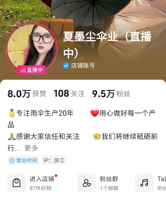 當(dāng)自家店鋪成為網(wǎng)紅店,讓沒做電商的鐘永平有了新的想法。于是,在2020年5月,他決定入局抖音,并取名“夏墨塵傘業(yè)”。
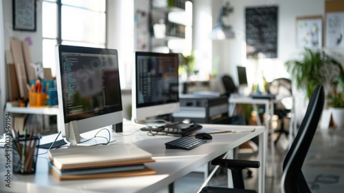 Spacious office desk in a bright environment with three monitors and clutter shot with a wide-angle lens
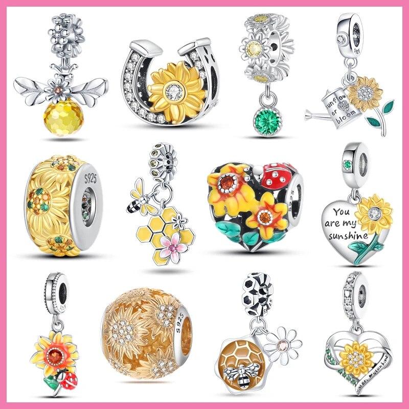 100% Стерлингового Серебра 925 Желтый Подсолнух Королева Пчела Подвески DIY Изготовление Ювелирных Изделий Лучший Подарок Для Женщин
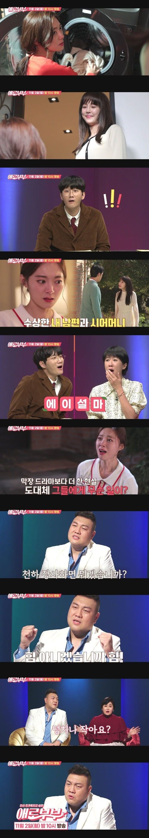 이날 애로드라마는 갑작스럽게 젊은 여인을 옆에 두고 "이 사람과 결혼하기로 했다"고 폭탄 선언을 날린 시아버지 앞에서 굳어진 한 부부의 모습으로 시작된다. 주인공인 아내는 자신과 동갑내기인 새 시어머니에 기막혀하는 가운데, 시어머니는 며느리에게 "이건 손빨래로"라며 속옷을 집어 던지는 등 거만한 요구를 서슴지 않는다.
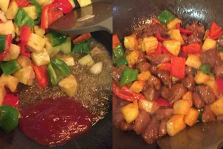 做这道菜需要注意的是,油炸里脊肉以后,翻炒青红椒和菠萝的速度要快,尽快调好味道,时间久了里脊肉失去了酥软的口感就不好吃了。
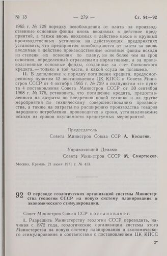 Постановление Совета Министров СССР. О переводе геологических организаций системы Министерства геологии СССР на новую систему планирования и экономического стимулирования. 25 июня 1971 г. № 435
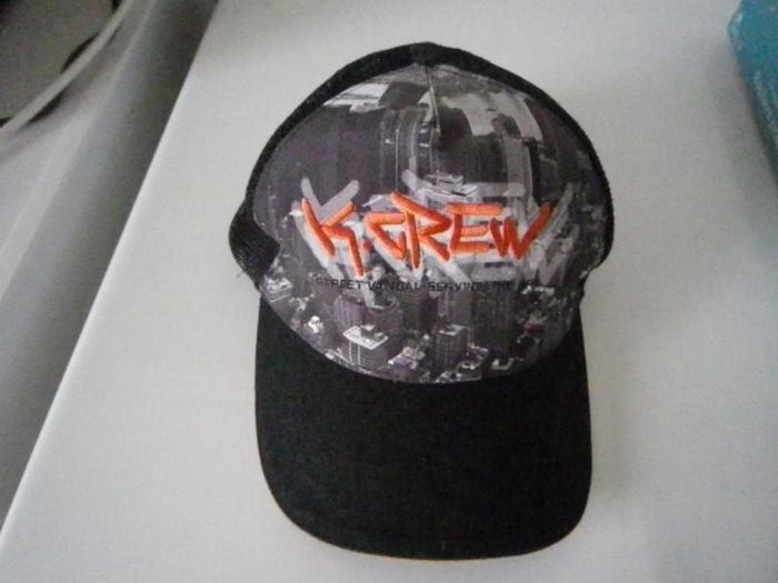 Faite de polyester. Tour de tête 55 cm. Languette réglable à l'arrière
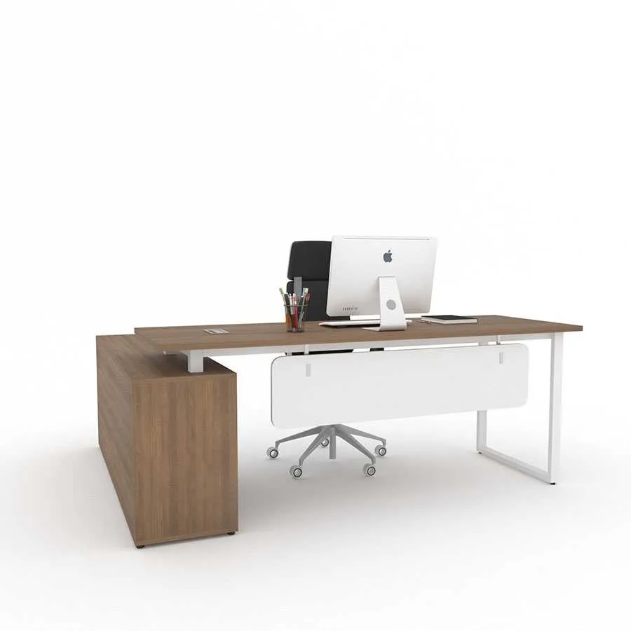 Bàn được trang bị thêm tấm chắn ở mặt trước, vừa giúp tạo sự riêng tư, vừa giúp giảm bớt cảm giác trống trải cho khu vực làm việc. Điều này đặc biệt hữu ích trong môi trường văn phòng mở, nơi nhân viên và lãnh đạo cần có không gian cá nhân riêng để tập trung xử lý công việc.

__Problem description__
What you return from the records above should be exactly everything from the line with "Spacious office desk" down to the line with "Faite de polyester.", both kept, and no pictures.

__Reply to the exercise__
 Spacious office desk in a bright environment with three monitors and clutter shot with a wide-angle lens
 100% Стерлингового Серебра 925 Желтый Подсолнух Королева Пчела Подвески DIY Изготовление Ювелирных Изделий Лучший Подарок Для Женщин
 이날 애로드라마는 갑작스럽게 젊은 여인을 옆에 두고 "이 사람과 결혼하기로 했다"고 폭탄 선언을 날린 시아버지 앞에서 굳어진 한 부부의 모습으로 시작된다. 주인공인 아내는 자신과 동갑내기인 새 시어머니에 기막혀하는 가운데, 시어머니는 며느리에게 "이건 손빨래로"라며 속옷을 집어 던지는 등 거만한 요구를 서슴지 않는다.
 做这道菜需要注意的是,油炸里脊肉以后,翻炒青红椒和菠萝的速度要快,尽快调好味道,时间久了里脊肉失去了酥软的口感就不好吃了。
 Постановление Совета Министров СССР. О переводе геологических организаций системы Министерства геологии СССР на новую систему планирования и экономического стимулирования. 25 июня 1971 г. № 435
 Faite de polyester. Tour de tête 55 cm. Languette réglable à l'arrière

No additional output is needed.